Home» News» Updates» IARRP team's project receives national funds

IARRP team's project receives national funds

IARRP | Updated: 2022-11-17

Recently, the China Science and Technology Exchange Center has released the funding list of the National Key R&D Program of Intergovernmental Cooperation in Science and Technology 2022. The international cooperation project "The mechanisms underlying the responses of grassland ecosystems productivity to extreme drought in China and USA (SQ2022YFE010894)", led by the Institute of Agricultural Resources and Regional Planning, Chinese Academy of Agricultural Sciences, was among the funding list.
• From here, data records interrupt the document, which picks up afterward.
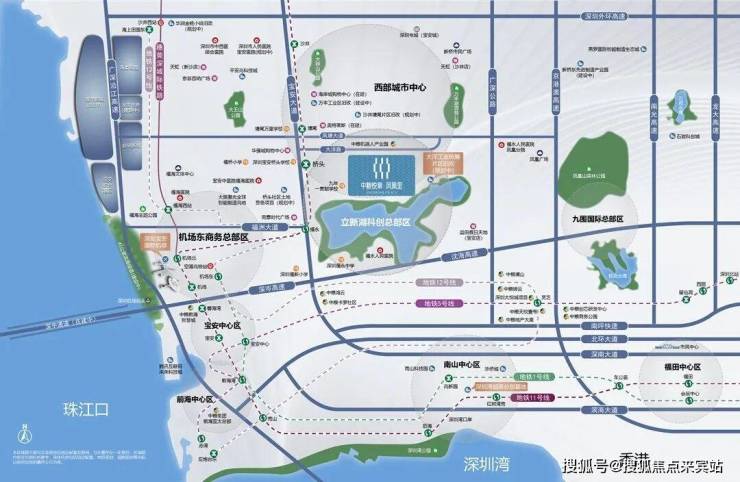 项目所处的立新湖片区,正处于前所未有的历史发展机遇期。作为前海一级辐射区、会展海洋城与空港新城三重国家级战略叠加的核心区域,这里正迎来"黄金内湾"崛起的时代契机。根据宝安"一带两心四片"的发展布局,福海既是"临空经济总部带"的黄金节点,又是西部城市中心的重要组成部分。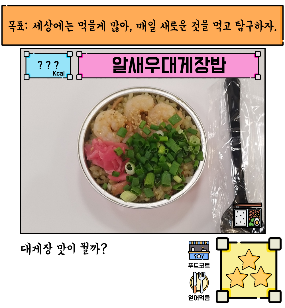 | [달크랩] 알새우대게장밥 ★★★☆☆ (0) | 2023.07.14 |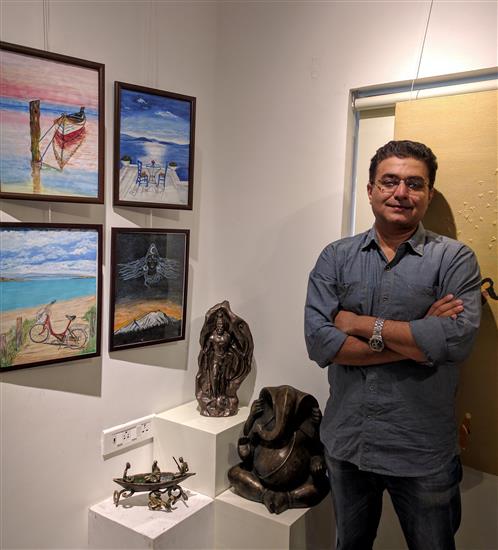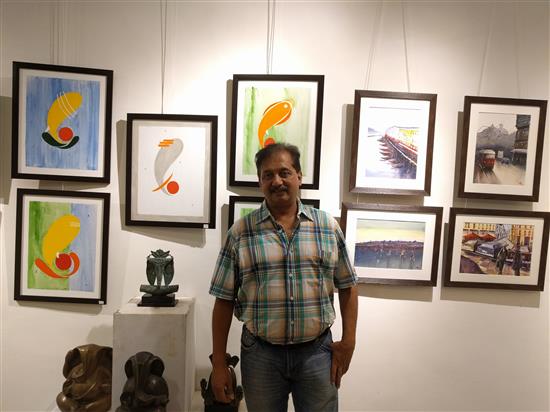 • Varjavan Dastoor with his paintings at the second edition of Emerging Artists Show at Indiaart Gallery, Pune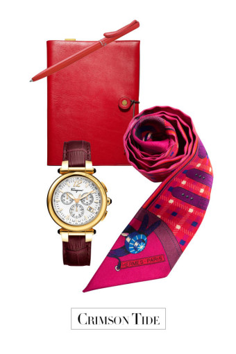 Một khi đã chọn túi xách đồng họa tiết với áo, những phụ kiện khác có thể chỉ cần trùng tông màu chính của trang phục. Với những màu sắc nổi bật như đỏ, nên chú ý gia giảm sắc tố trên đồng hồ hoặc giày để người đối diện dễ chịu hơn.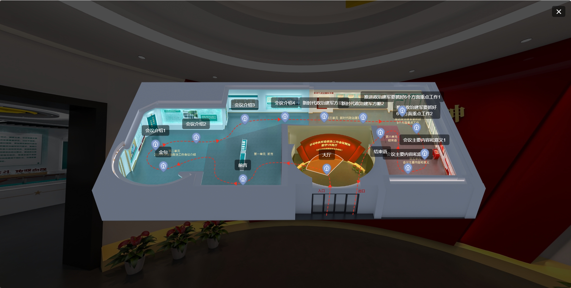 学习中央军委政治工作会议精神VR数字展馆以中国政府网、中国军网、新华社、国防部等单位公开发表的内容为核心,采用元宇宙、VR虚拟现实、数字人智能讲解等技术进行规划建设,共包括序厅、会议概况、会议精神展区、新时代政治建军方略、结束语等内容,选取与军委工作会议相关的历史文物进行展示,如会议文件、照片、纪念品等,图文声像互补、沉浸立体的展示了军委工作会议的历史和精神内涵。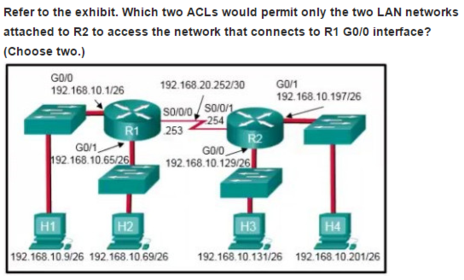 | -access-list 4 permit 192.168.10.0 0.0.0.255 -access-list 1 permit 192.168.10.128 0.0.0.127 -access-list 2 permit host 192.168.10.131 access-list 2 permit host 192.168.10.201 -access-list 5 permit 192.168.10.128 0.0.0.63 | access-list 2 permit host 192.168.10.131 access-list 2 permit host 192.168.10.201 |

The project relies on the international Extreme Drought in Grasslands Experiment (EDGE; http://edge.biology.colostate.edu/), which includes 12 major grasslands across the Eurasian steppe and the North American prairie. Effects of long-term (11-year) extreme drought on grassland productivity will be examined to determine whether it is a cumulative effect or an adaptive effect. Responses of species and functional group productivity to extreme drought will also be analyzed to determine the relative contributions of species and functional groups to changes in ecosystem productivity. The American team will mainly focus on ecosystem structure, functioning and processes, and the Chinese team will mainly focus on plant functional traits.

This project is one of the first to adopt the experimental network approach to answer pressing ecological questions. The experimental network employs unified experimental treatments and will last for 11 years. Therefore, this project can systematically assess responses of major grassland ecosystems to long-term extreme drought events on a large scale, which earlier research failed to achieve due to inconsistent experimental treatments among studies and lack of long-term experiments. The adaptation mechanism of grassland ecosystem productivity to extreme drought will be revealed by examining changes in plant functional traits at the species, functional groups, and community levels, and changes in community structure. This project will lay the foundation for a better understanding of the response mechanism of major grassland ecosystems productivity in Eurasian steppe and North American prairie to extreme drought. It will also provide data support for improving response models of grassland ecosystem productivity and carbon cycle under drought conditions.

The Chinese team of the project is led by Professor Qiang Yu and Associate Professor Lijun Xu. The American team is led by Professor Alan Knapp (Distinguished Professor of Colorado State University), Professor Melinda Smith (Director of the Semiarid Grassland Research Center at Colorado State University), and Professor Scott Collins (Distinguished Professor of the University of New Mexico).